Nella comunità cinese di Olbia nei giorni della paura del coronavirus

La comunità cinese di Olbia racconta il coronavirus.

Volevamo capire se Olbia fosse diversa. Se il panico e l’intolleranza generati dal coronavirus diffusosi in Cina sono arrivati fino a qui. Per questo siamo a andati a parlare con alcuni membri della comunità cinese cittadina.

Incontro uno di loro, un uomo, nella sua attività: un ristorante. È molto indaffarato, ma sentito l’argomento mi parla, lo fa volentieri e a lungo. La prima cosa che mi dice è che vorrebbe che il governo italiano spiegasse un po’ meglio come funziona il contagio del virus il quale si contrae solo con il contatto diretto con una persona già malata e non dal cibo o da eventuali oggetti importati.

“Tanti pensano che si possa tramettere attraverso il cibo che viene servito nei nostri ristoranti”, afferma. Mi racconta che alcuni membri della comunità cinese di Olbia si trovano attualmente in Cina per i festeggiamenti del Capodanno. Sarebbero dovuti rientrare in questi giorni, ma, ben prima del blocco dei voli, avevano già deciso autonomamente di trattenersi tutti nel loro Paese di origine fino al cessato allarme. Una provvedimento adottato a anche se la località in cui si trovano è a circa un migliaio di chilometri da Whuan, città epicentro della diffusione del virus.

“La decisione è stata presa in parte per autotutela, visto che, pur trovandosi in un paesino di campagna per ripartire avrebbero dovuto transitare per un aeroporto internazionale molto frequentato – mi spiega il ristoratore –. In gran parte, invece, è stata presa per senso di responsabilità nei confronti della comunità di arrivo“.

Il Consorzio cinese – una sorta di circolo che riunisci i membri della comunità cinese di una Regione o di una città, spiega, “ha deciso che chi rientra dalla Cina in questo periodo di allerta si sottoporrà a una sorta di quarantena volontaria. Un isolamento in casa al termine del quale eseguirà dei test medici ulteriori rispetto a quelli eseguiti già prima di partire”.
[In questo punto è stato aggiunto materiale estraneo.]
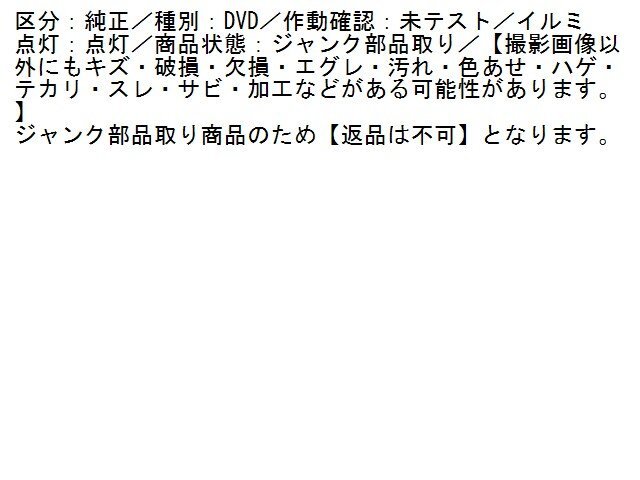 | 商品情報 | 区分:純正/種別:DVD/作動確認:未テスト/イルミ点灯:点灯/商品状態:ジャンク部品取り/【撮影画像以外にもキズ・破損・欠損・エグレ・汚れ・色あせ・ハゲ・テカリ・スレ・サビ・加工などがある可能性があります。】 | ||
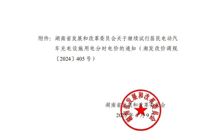 湖南省繼續(xù)試行居民充電設(shè)施用電分時電價政策
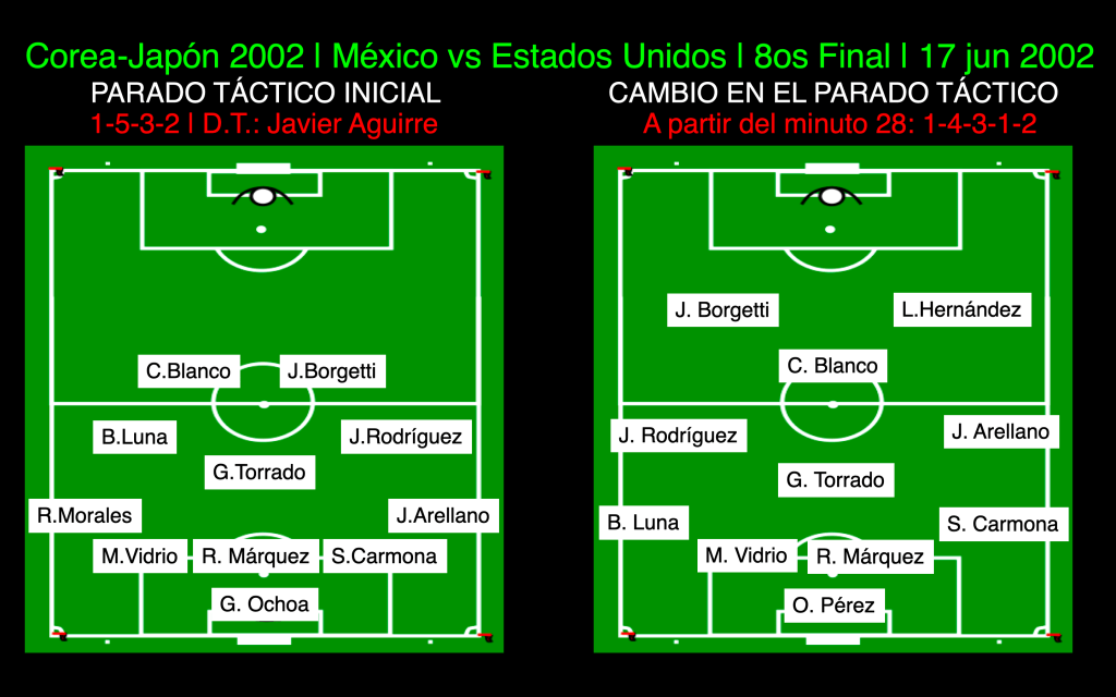 Las razones por las cuales perdió México aquella tarde en Jeonju, Corea del Sur y explicadas directamente por su técnico Javier Aguirre fueron dos: “Yo tengo línea de cinco todo el proceso y el mundial, elijo a los jugadores conforme a ésta línea de cinco en el fondo, jugábamos un 5-3-2, con dos puntas, uno era Cuauhtémoc y el otro Borgetti, tres volantes, buenos, de ida y vuelta, de recuperación, Torrado, Caballero, Aspe y con dos carrileros que eran dos extremos que eran Ramoncito Morales y el Cabrito Arellano; era muy bonito el equipo porque desdoblaba muy bien y estos cuates tenían siete pulmones, iban y venían… estábamos en ello cuando nos hace gol Estados Unidos, no estaba en mi guión ir perdiendo con los americanos, yo sabía que Bruce Arena se iba a echar atrás, iba alargar el partido, quería irse al tiempo extra, quería irse a los penales, esa era la opción de los americanos. Entonces yo estudiando y trabajando y tal. Mi error es que me hacen un gol torpe, una falta, mueven rápido, una distracción y gol. Yo, en lugar de mantener la calma, la ecuanimidad y seguir con mi plan de trabajo, me equivoco, no te diría que desoigo a Memo Vázquez, pero hago línea de cuatro, quito a Ramón y meto a Luis Hernández y descompongo lo que estaba bien, lo descompongo, me equivoqué dos veces, primero en el cambio, hombre por hombre y segundo en el sistema, no lo había trabajado caramba!”.
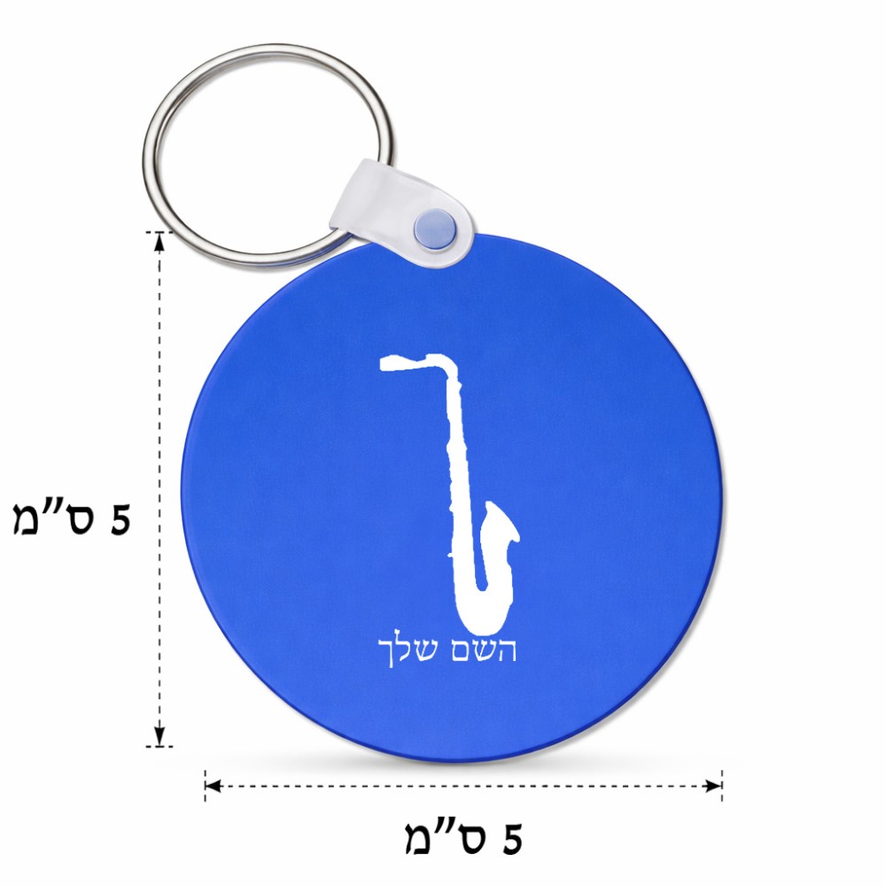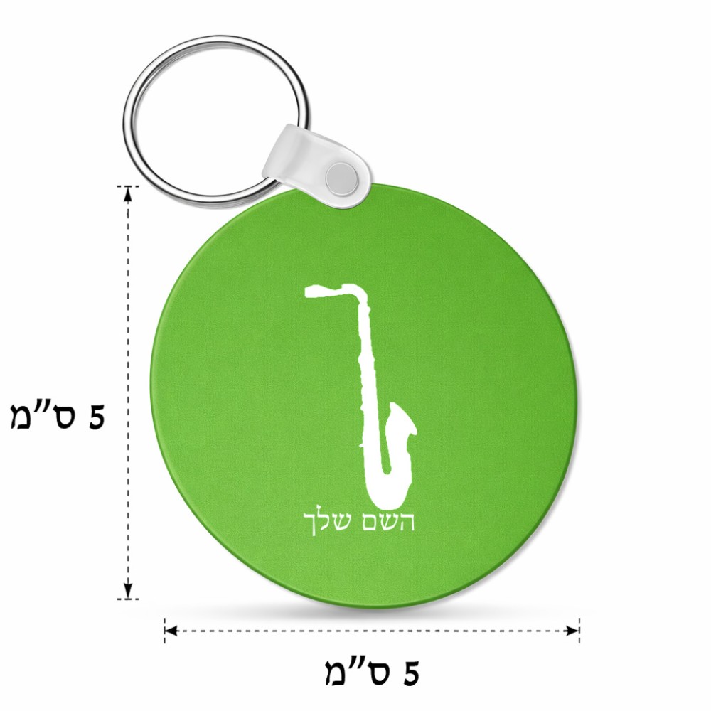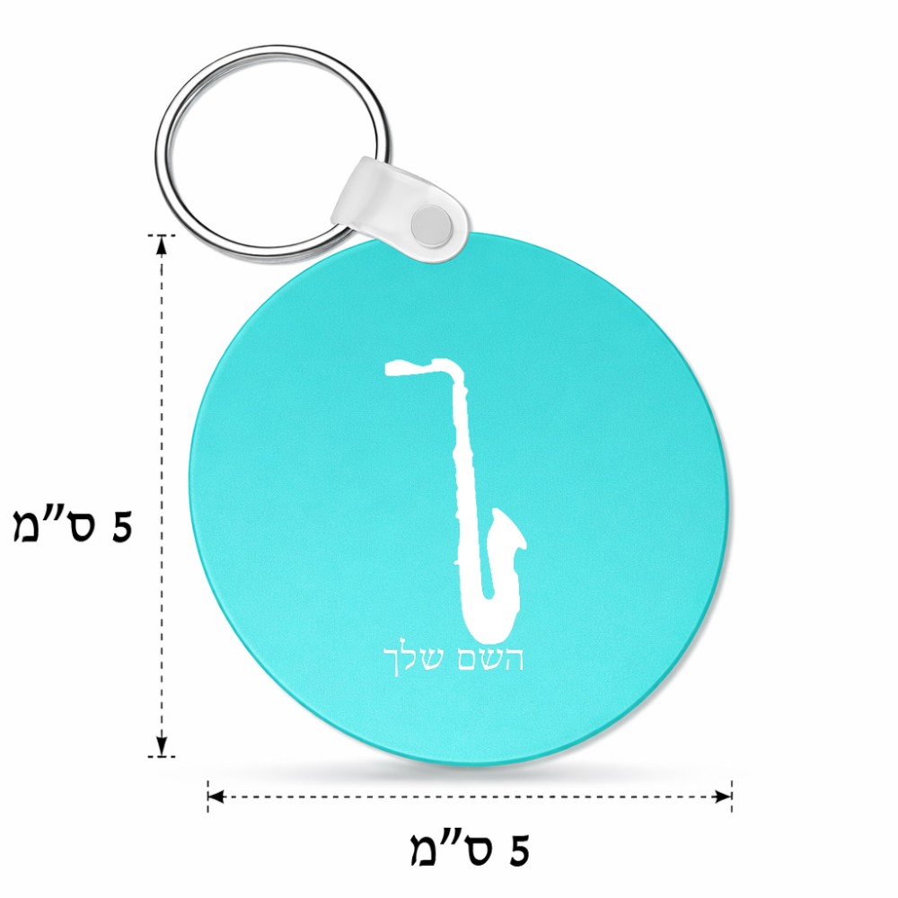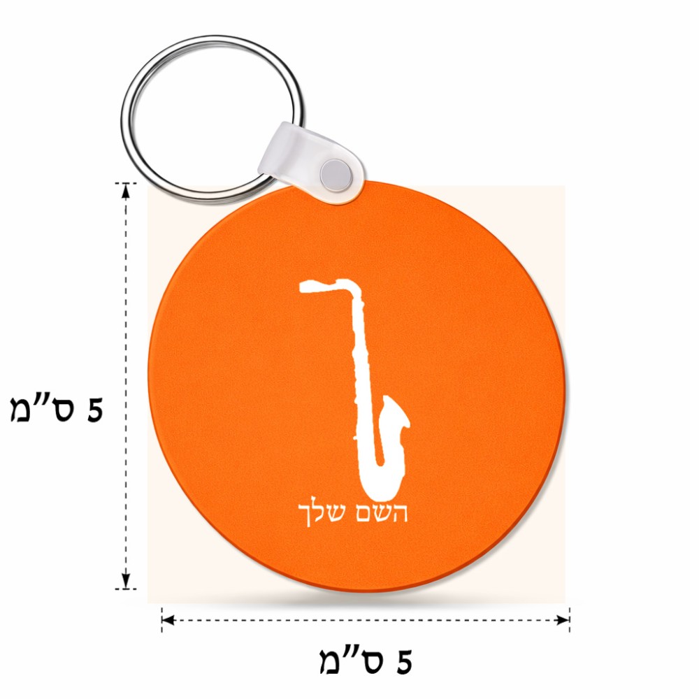 מחזיק מפתחות בצורת עיגול בעיצוב אישי עם השם שלך בעיצוב סקסופון גודל המחזיק 5 × 5 ס"מ. את השם המבוקש ניתן לציין בהזמנה, אם לא צויין אנחנו ניצור קשר לבירור.

Il mio nuovo amico mi racconta tutto questo, con l’aria malinconica e a tratti un po’ preoccupata, anche se non smette mai di sorridere. Del resto alcuni dei suoi affetti più cari sono lontani migliaia di chilometri e, nonostante siano anche lontani dal fulcro del contagio, è evidente che non riesca a non essere in pena per loro. Come qualsiasi altro padre, figlio o amico.

“Quelli che in questo periodo soffrono o soffriranno di più saranno i bambini. Qui a Olbia, fortunatamente non sta succedendo nulla di tutto ciò, ma altrove ci sono stati episodi di intolleranza anche nelle scuole – conclude –. Che colpa ne hanno loro che, oltretutto, nella maggior parte dei casi in Cina non sono neppure mai stati?”